*Input data:*
+++
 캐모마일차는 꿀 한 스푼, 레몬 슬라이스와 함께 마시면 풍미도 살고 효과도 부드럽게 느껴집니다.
+++
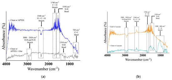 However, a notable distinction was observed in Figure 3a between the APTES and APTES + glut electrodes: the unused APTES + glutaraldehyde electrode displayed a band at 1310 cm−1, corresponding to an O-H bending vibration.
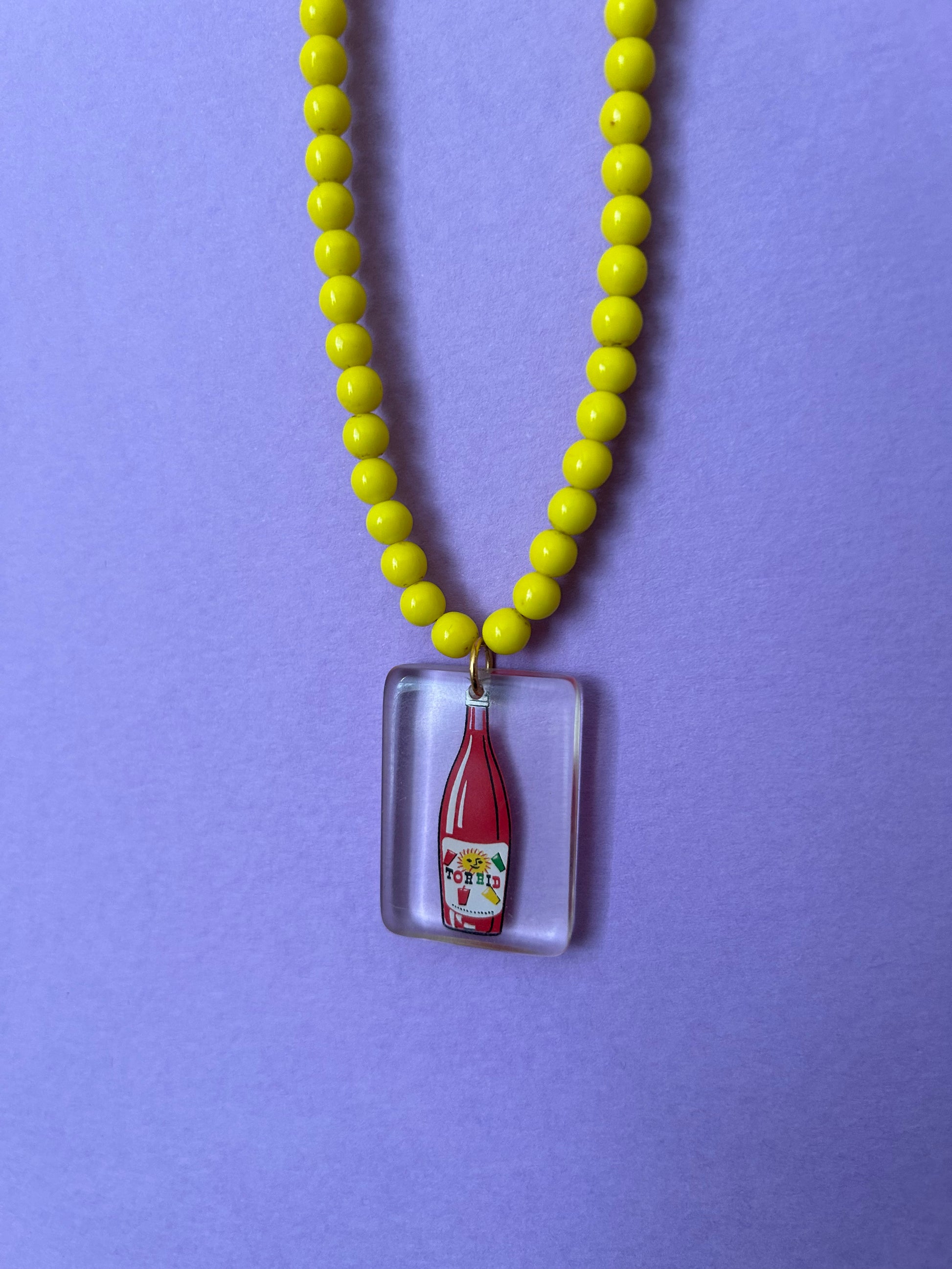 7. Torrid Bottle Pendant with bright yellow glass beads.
+++
*Exercise details:*
Transcribe only the lines above that start at the line containing "However, a notable" and end at the line containing "7. Torrid Bottle". Omit pictures.

*Solution for this problem:*
 However, a notable distinction was observed in Figure 3a between the APTES and APTES + glut electrodes: the unused APTES + glutaraldehyde electrode displayed a band at 1310 cm−1, corresponding to an O-H bending vibration.
 7. Torrid Bottle Pendant with bright yellow glass beads.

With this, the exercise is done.